Beginning with the line that holds "- Includes 4K" and ending with the last line below, repeat each line exactly, leaving any pictures out.

### [RECORDS FOR THE TASK]
[Start of Attachment]

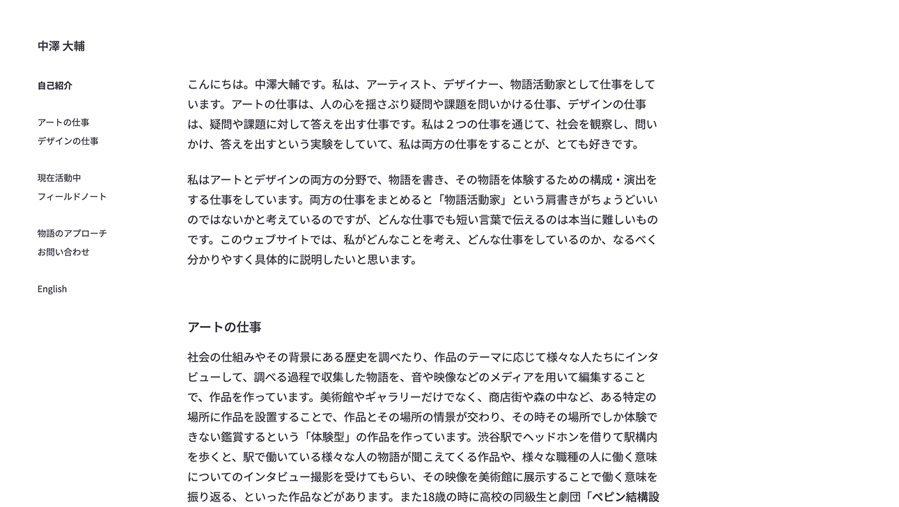 2013年まで沖縄にてキュレーターとして活動し、個展やアートイベントなどに関わる。 その後、マークアップエンジニアとして2年間の制作業務を経験後、2015年にウェブデザイナーとして独立。2020年6月にペンネ株式会社を設立した。 アーティストのポートフォリオサイト制作や、アートプロジェクト系サイトのプロデュースなどを担当している。
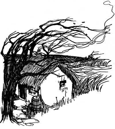 Men shouted and dogs barked. They put out the boat and rowed her with difficulty through the thick weeds. The woman of the pond stood outside her cottage, curtseying and pouring out tea.
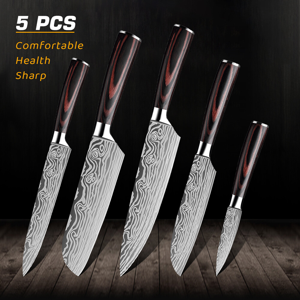 Set 5 Couteaux Japonais Cuisine Chef Professionnels Damas Acier Inox Carbone
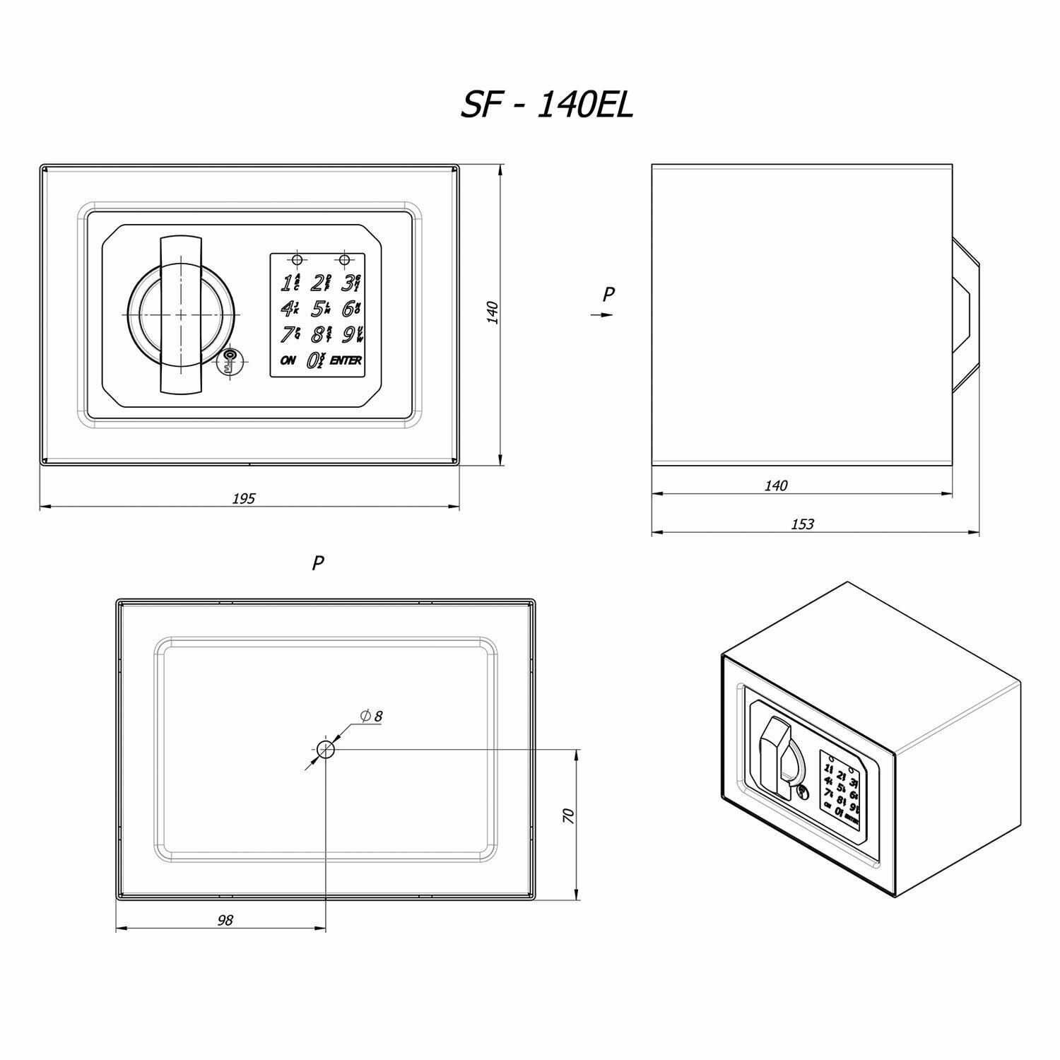 Модель: Сейф мебельный SF-140EL электронный замок 140х195х140 мм
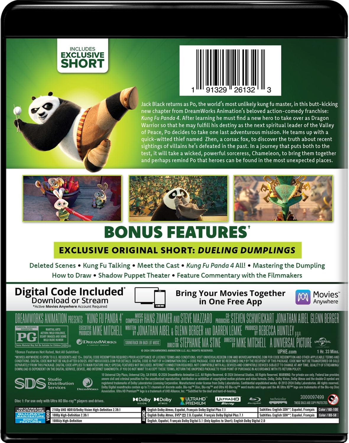 - Includes 4K UHD, Blu-ray and a digital copy of Kung Fu Panda 4 (Subject to expiration. Go to NBCUCodes.com for details.)
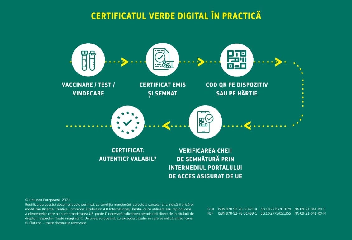 Adeverința electronică verde va constitui dovada că deținătorul a fost vaccinat împotriva COVID-19, a primit un rezultat negativ la testul de depistare a infecției cu virusul SARS-CoV-2 sau s-a vindecat de COVID-19.

[End of Attachment]

### [RESPONSE AREA]
 - Includes 4K UHD, Blu-ray and a digital copy of Kung Fu Panda 4 (Subject to expiration. Go to NBCUCodes.com for details.)
 Adeverința electronică verde va constitui dovada că deținătorul a fost vaccinat împotriva COVID-19, a primit un rezultat negativ la testul de depistare a infecției cu virusul SARS-CoV-2 sau s-a vindecat de COVID-19.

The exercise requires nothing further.